#### [TASK BRIEF]
When you return the data, keep every word exact and include none of the images.

#### [DATASET CONTENT]
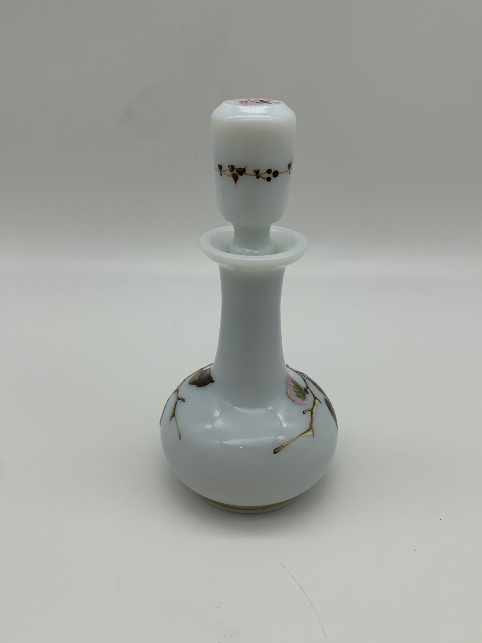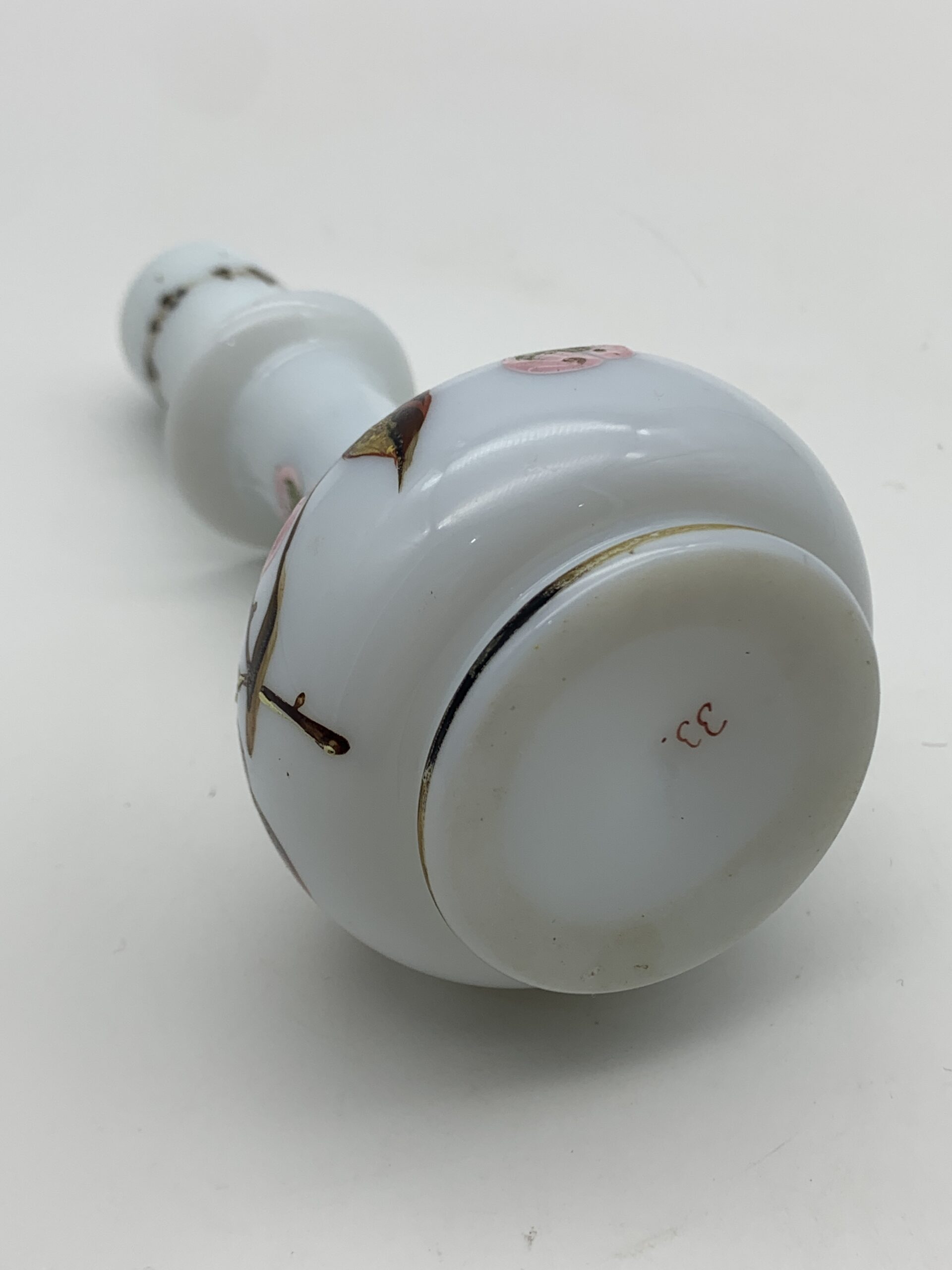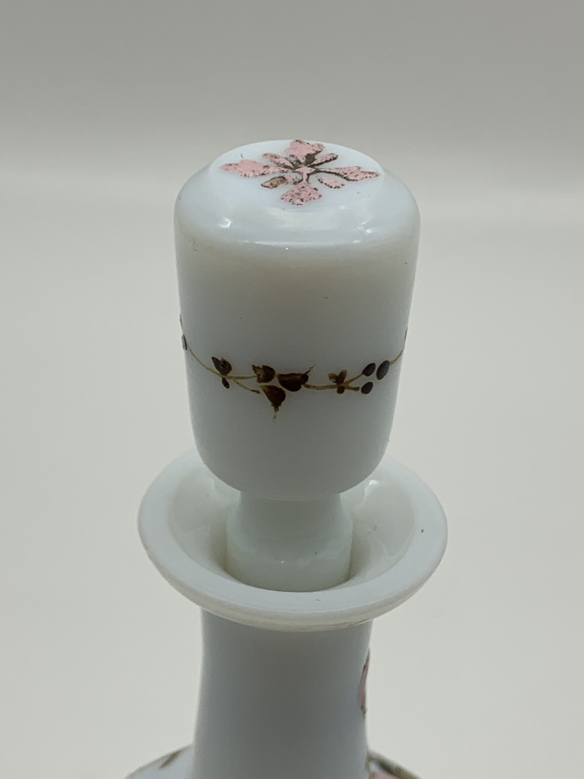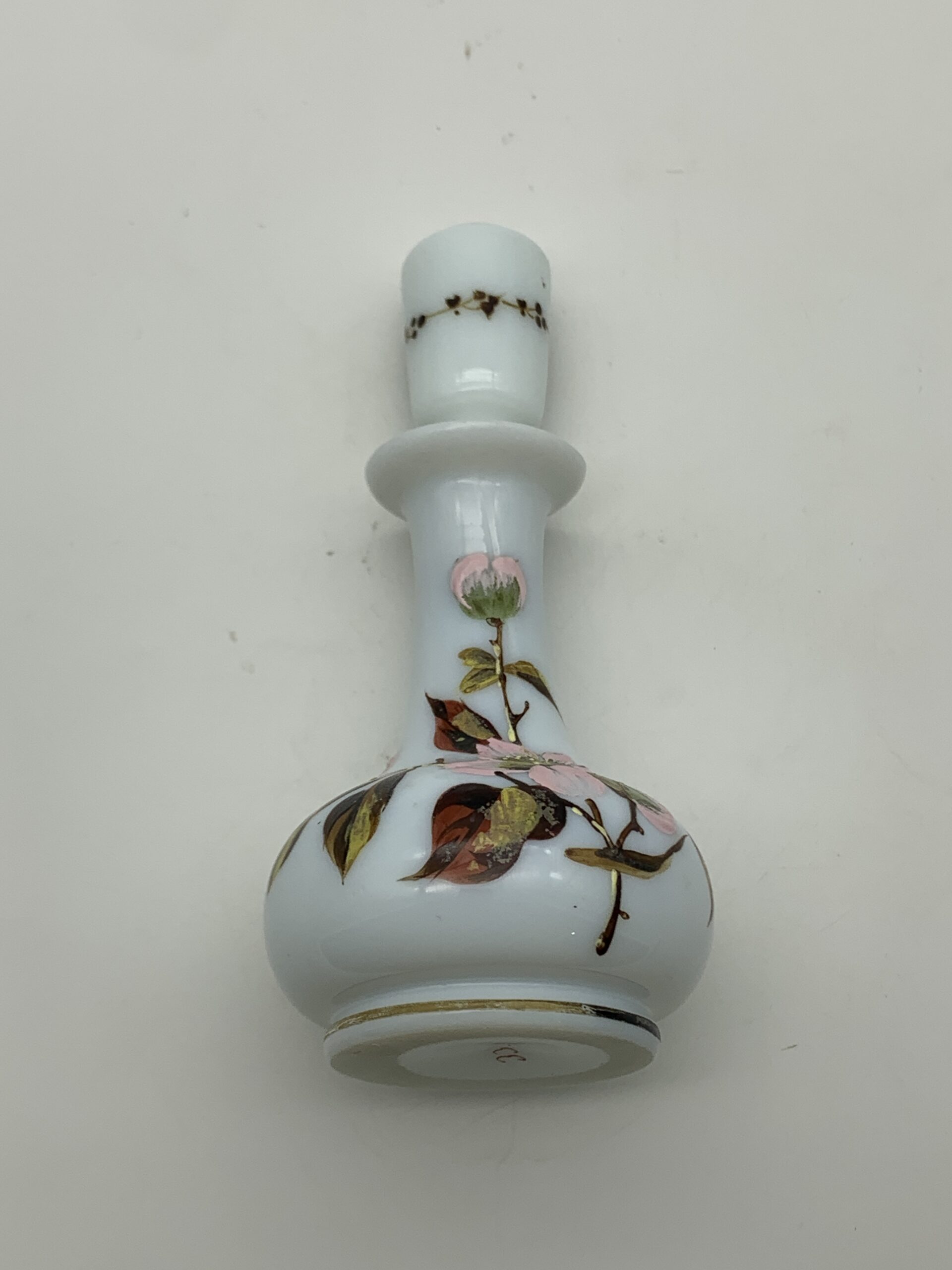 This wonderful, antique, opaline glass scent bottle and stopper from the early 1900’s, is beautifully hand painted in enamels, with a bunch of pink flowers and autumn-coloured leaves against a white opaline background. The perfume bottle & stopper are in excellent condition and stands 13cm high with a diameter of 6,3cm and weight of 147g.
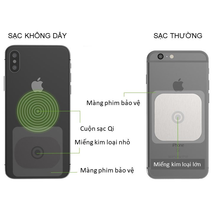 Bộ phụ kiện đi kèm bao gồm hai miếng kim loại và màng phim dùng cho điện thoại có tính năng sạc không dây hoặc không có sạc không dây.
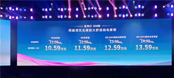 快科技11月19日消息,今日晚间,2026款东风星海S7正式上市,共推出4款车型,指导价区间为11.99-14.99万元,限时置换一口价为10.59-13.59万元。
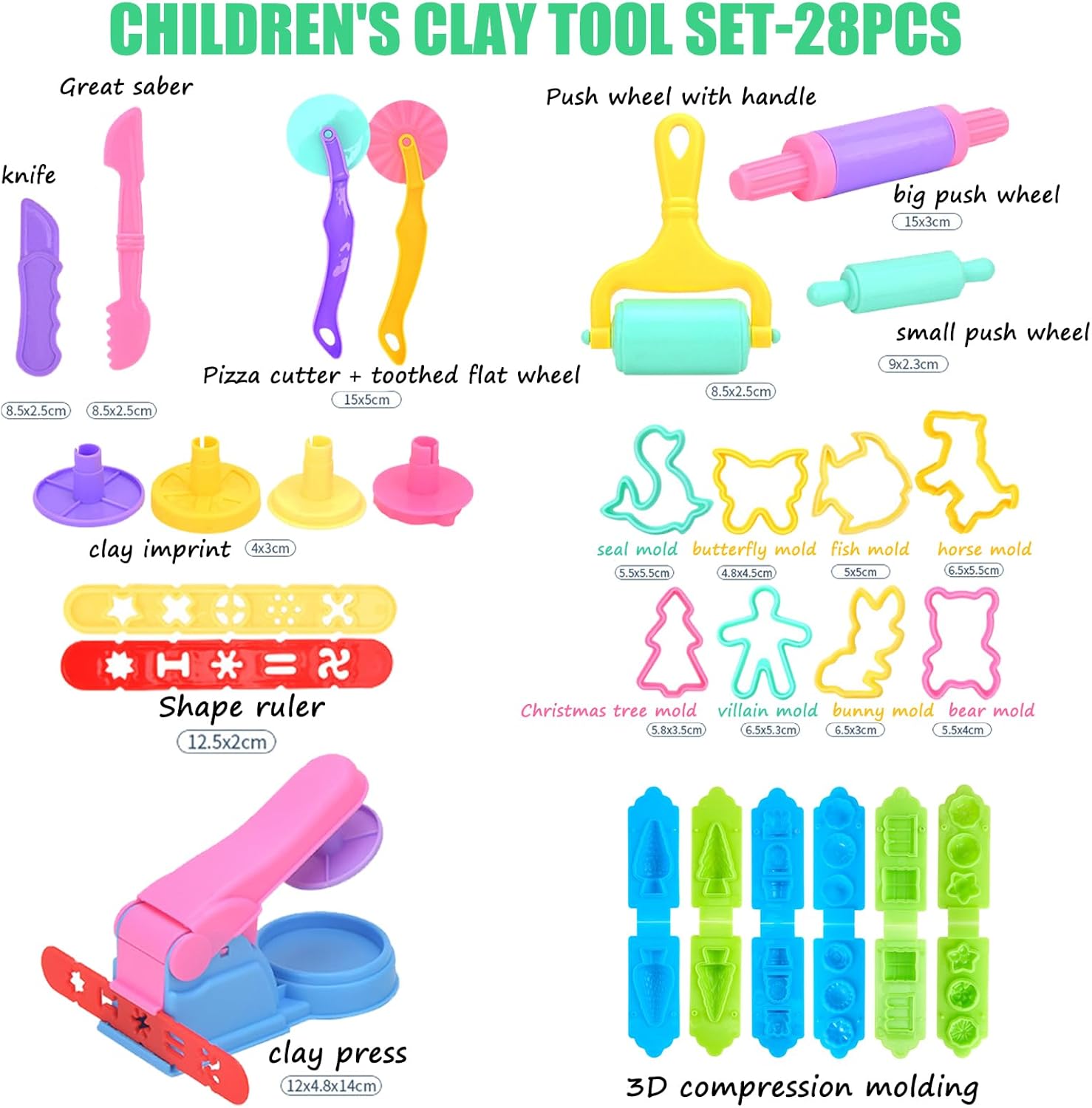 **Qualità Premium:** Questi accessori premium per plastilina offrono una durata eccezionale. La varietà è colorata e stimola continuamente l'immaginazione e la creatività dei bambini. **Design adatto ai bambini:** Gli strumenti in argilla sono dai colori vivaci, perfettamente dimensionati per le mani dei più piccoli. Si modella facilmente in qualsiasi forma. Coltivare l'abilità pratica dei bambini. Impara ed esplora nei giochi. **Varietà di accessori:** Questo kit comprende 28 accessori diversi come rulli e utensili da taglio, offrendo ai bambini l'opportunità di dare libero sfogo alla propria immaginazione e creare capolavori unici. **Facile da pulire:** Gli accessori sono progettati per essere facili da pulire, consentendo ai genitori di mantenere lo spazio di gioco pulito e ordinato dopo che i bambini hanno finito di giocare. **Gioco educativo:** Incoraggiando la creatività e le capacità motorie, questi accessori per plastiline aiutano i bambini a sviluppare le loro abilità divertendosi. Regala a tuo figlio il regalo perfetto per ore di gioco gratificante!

#### [RESULT FOR THIS EXERCISE]
 This wonderful, antique, opaline glass scent bottle and stopper from the early 1900’s, is beautifully hand painted in enamels, with a bunch of pink flowers and autumn-coloured leaves against a white opaline background. The perfume bottle & stopper are in excellent condition and stands 13cm high with a diameter of 6,3cm and weight of 147g.
 Bộ phụ kiện đi kèm bao gồm hai miếng kim loại và màng phim dùng cho điện thoại có tính năng sạc không dây hoặc không có sạc không dây.
 快科技11月19日消息,今日晚间,2026款东风星海S7正式上市,共推出4款车型,指导价区间为11.99-14.99万元,限时置换一口价为10.59-13.59万元。
 **Qualità Premium:** Questi accessori premium per plastilina offrono una durata eccezionale. La varietà è colorata e stimola continuamente l'immaginazione e la creatività dei bambini. **Design adatto ai bambini:** Gli strumenti in argilla sono dai colori vivaci, perfettamente dimensionati per le mani dei più piccoli. Si modella facilmente in qualsiasi forma. Coltivare l'abilità pratica dei bambini. Impara ed esplora nei giochi. **Varietà di accessori:** Questo kit comprende 28 accessori diversi come rulli e utensili da taglio, offrendo ai bambini l'opportunità di dare libero sfogo alla propria immaginazione e creare capolavori unici. **Facile da pulire:** Gli accessori sono progettati per essere facili da pulire, consentendo ai genitori di mantenere lo spazio di gioco pulito e ordinato dopo che i bambini hanno finito di giocare. **Gioco educativo:** Incoraggiando la creatività e le capacità motorie, questi accessori per plastiline aiutano i bambini a sviluppare le loro abilità divertendosi. Regala a tuo figlio il regalo perfetto per ore di gioco gratificante!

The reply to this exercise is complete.